Despite that pending issue, Eikelenboom was permitted to testify in general about DNA testing. He told the jury that even though the duct tape found with Caylee’s remains was severely weathered, with his techniques “you could expect to still find DNA.”
Pioneer of 'touch DNA'
Eikelenboom is best known in the DNA community as a pioneer in the detection of “touch DNA” – skin cells left behind by an assailant or criminal as a result of rough-handling during criminal activity.
In 2006, Mr. Eikelenboom helped free an innocent man serving a life sentence in Colorado for a murder he didn’t commit. After re-creating precisely how the victim was dragged into a field by her killer, Eikelenboom and his laboratory were able to identify “touch DNA” on the victim’s shirt 20 years after the crime.
The innocent man, Timothy Masters, was a 15-year-old sophomore in high school at the time of the killing. He told police that he had seen the dead body in the field on his way to school but did not report it to police because he wasn’t sure it was real, according to a report in the Denver Post.
Police considered him a murder suspect in part because he did not call 911 and he seemed emotionless, according to the Post report. He was convicted in a circumstantial case with no physical evidence.
Eikelenboom identified three full DNA profiles from the victim’s shirt. It eliminated Mr. Masters and pointed, instead, to someone else on the detectives’ list of suspects.
In 2008, prosecutors moved to vacate Master’s conviction and he was released after serving nearly 10 years of his life sentence.
Work in JonBenet Ramsey case
Eikelenboom was also asked by police in Colorado to investigate the unsolved murder of JonBenet Ramsey. Again, he identified DNA profiles by examining the precise points where the assailant grabbed the little girl’s clothing. The resulting DNA profile eliminated JonBenet’s parents as suspects in the killing.

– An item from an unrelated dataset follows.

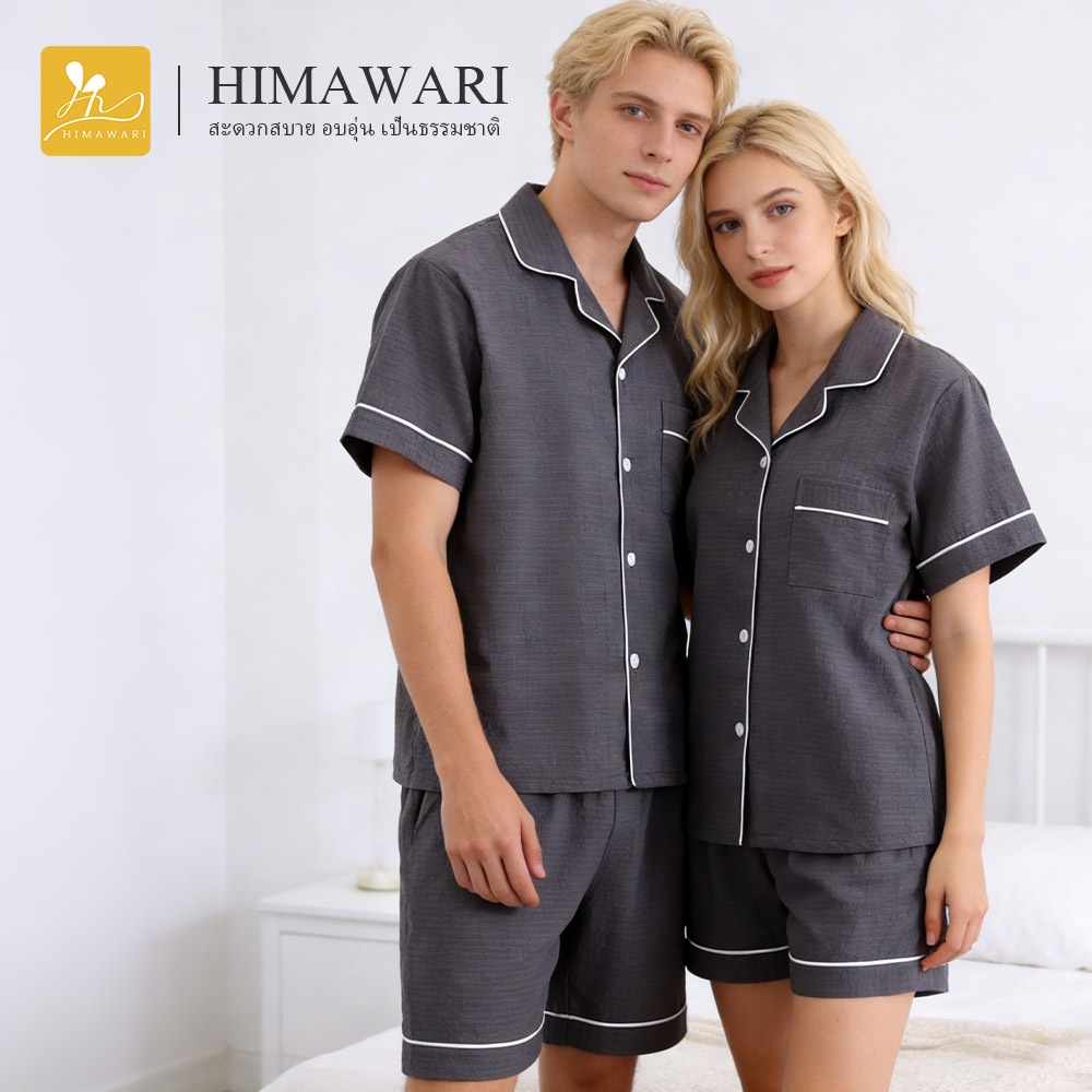 HIMAWARI丨ชุดนอนคู่ ชุดนอน ชุดนอนผ้าฝ้าย ดีไซน์เกาหลีแฟชั่น กางเกงขาสั้น Unisex มีหลายไซส์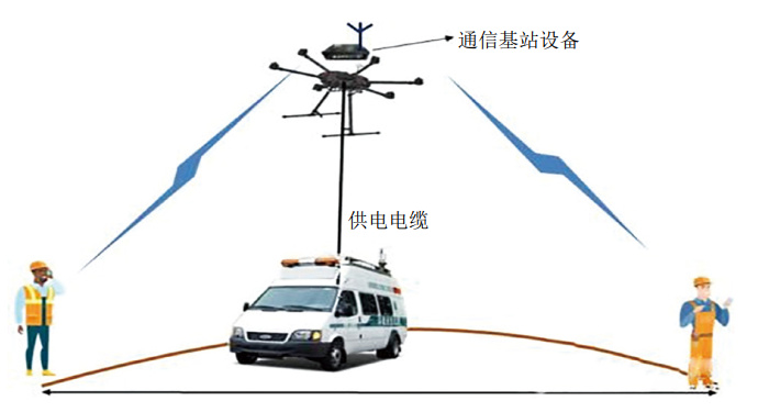 (1)擴大通信覆蓋范圍。應急救援現場(chǎng)環(huán)境復雜,各種樓宇、山丘等的遮擋直接影響了現場(chǎng)的通信傳輸及組網(wǎng)覆蓋范圍,極大地限制了應急通信的傳輸效果。隨著(zhù)無(wú)人機技術(shù)、通信組網(wǎng)技術(shù)的不斷發(fā)展和普及,使空中組網(wǎng)通信方式成為可能,有效擴大通信覆蓋范圍。系留無(wú)人機采用線(xiàn)纜供電,不受電池續航時(shí)間限制,可長(cháng)時(shí)間滯空懸停飛行,為救援現場(chǎng)提供穩定的中繼鏈路。利用系留式無(wú)人機將中繼設備或基站升至 100 m~200 m 高空,形成空中組網(wǎng)及空中覆蓋,從而使通信傳輸距離及覆蓋范圍擴大10倍以上。如圖 1所示。

During cross-examination, Ashton belittled Eikelenboom and his Dutch-based laboratory. He compared the company to a “mom and pop operation," and suggested he was working in a “barn.”
Eikelenboom said he and his wife converted a farm into a high-tech crime laboratory.
Ashton insisted that any DNA that might have been on the duct tape with Caylee’s remains would have long since degraded and been unusable in the hot, wet Florida weather.
“We only need a small amount of cells to get a DNA profile,” Eikelenboom said.
At the conclusion of his cross-examination Ashton asked Eikelenboom whether the defense team had asked him to retest the duct tape containing the as-yet unidentified DNA remnant.
"We mentioned that we could investigate this piece of tape,” Eikelenboom said.
Ashton shot back: “Are you aware if items at the defense’s request were sent for additional DNA testing?”
“No,” Eikelenboom answered.
The exchange was important because it potentially suggested to the jury that the defense did not want to retest the duct tape even though Baez was arguing that it should have been retested by the state.
“You were willing and able to test items from this case and you were willing and able to do it pro bono,” Baez asked during his redirect examination.
“Correct,” Eikelenboom said.
“The only reason you didn’t do it in this case is because the prosecution objected to you taking it,” Baez said.
The comment drew an immediate objection from Ashton before Eikelenboom could answer. The judge sustained the objection.
What the jury does not yet know is that a defense request to submit “items” to the Dutch laboratory was rejected by Perry. Instead, the defense team was directed to use a lab in Pennsylvania.
Baez apparently submitted for testing a pair of shorts and a laundry bag recovered with Caylee’s remains. But, according to Ashton, the defense never asked that the duct tape/murder weapon or carpet samples from the trunk of the car be retested for possible DNA.